The Canterbury Tales: The Pardoner's Tale as Booker's Seven Basic Plots Analysis Plot

Christopher Booker is a scholar who wrote that every story falls into one of seven basic plot structures: Overcoming the Monster, Rags to Riches, the Quest, Voyage and Return, Comedy, Tragedy, and Rebirth. Shmoop explores which of these structures fits this story like Cinderella’s slipper.

Plot Type : Tragedy

Anticipation Stage

Three party boys are gathered in a tavern one day when they see the corpse of their friend go by and find out he was killed by a mysterious stranger named Death.

Our three "heroes" (if we can call them that) are definitely in possession of some tragic flaws that make them woefully "incomplete" (to use Booker's term). They're drinkers and gamblers who spend all their time in the tavern rather than on making honest contributions to society. Plus they curse like all get-out. When they find out about the murderer Death, however, who's been killing lots of people all over the country, they finally have a purpose. They're gonna find and kill him.

Dream Stage

The "heroes" swear a pact of brotherhood and agree to find and kill Death. They meet a mysterious old man on the road who points them to a grove of trees where they can find Death.

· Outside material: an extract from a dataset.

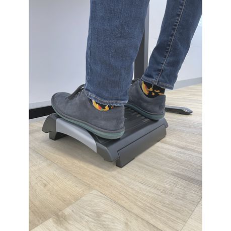 Having a footrest under your desk helps to complete your ergonomic setup. Often, once you have adjusted your chair to the correct height, your feet are left dangling which affects your ability to sit back in your chair and fully utilise the chair's backrest. A footrest can assist with grounding your feet, pushing you back into your chair and, in doing so, ensuring a better posture. With the Kelly footrest you can adjust the tilt of the footrest's footplate. It also offers height adjustment to ensure that you get the best positioning for your requirements.
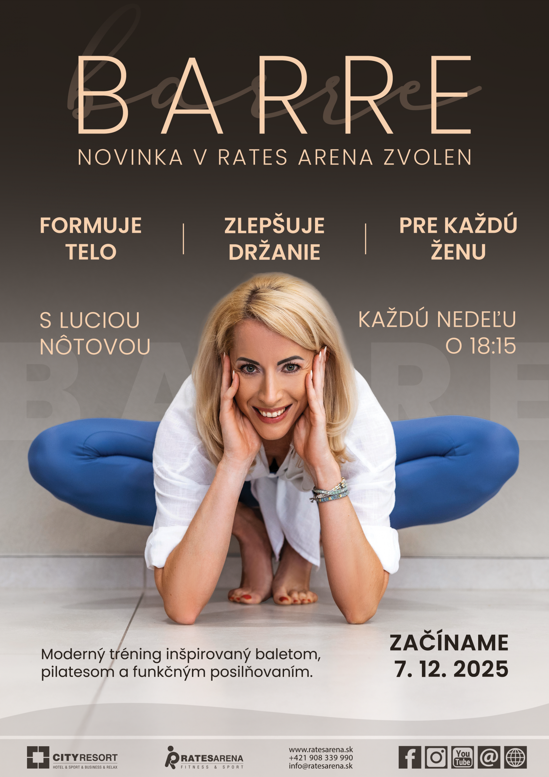 » BARRE je moderný tréning inšpirovaný baletom, pilatesom, funkčným posilňovaním a strečingom.

Here, the party boys commit to their course of action by swearing a pact to kill Death. Things seem to be going well when the Old Man is able to tell them where they can find him. For a while, it looks like they may actually accomplish their goal.

Frustration Stage

Instead of finding Death in the grove, the carousers find four bushels of gold, and forget all about their pact to kill Death.

The bushels of gold they find definitely derail the three friends from their goal; in their celebration they forget all about it. Although they are simply elated at the discovery of unexpected wealth, our Shmoop readers, keenly ware of the story's theme "greed is the root of all evil," know that this moment represents the beginning of the end for our friends.

Nightmare Stage

When the youngest of the three friends leaves the grove to get food and wine for them while they're waiting until nightfall, the two others plot to stab him upon his return so they can have the gold all to themselves. Meanwhile, the youngest gets his hands on a deadly poison and he poisons his friends' bottles of wine.

Do we really have to explain why this is the nightmare stage? Betrayal. Premeditated murder. The forces of opposition and fate are definitely closing in on our heroes now. Of course, the darkness that surrounds them is of their own making, seeing as it's their uncontained greed – their "tragic flaw," if you will – that brings about their downfall.

Destruction or Death Wish Stage

The youngest of the three returns to the grove and his friends stab him. They sit down to lunch and drink the poisoned ale, dying horribly.

Our "heroes" die because of destructive forces of their own making. 'Nuff said.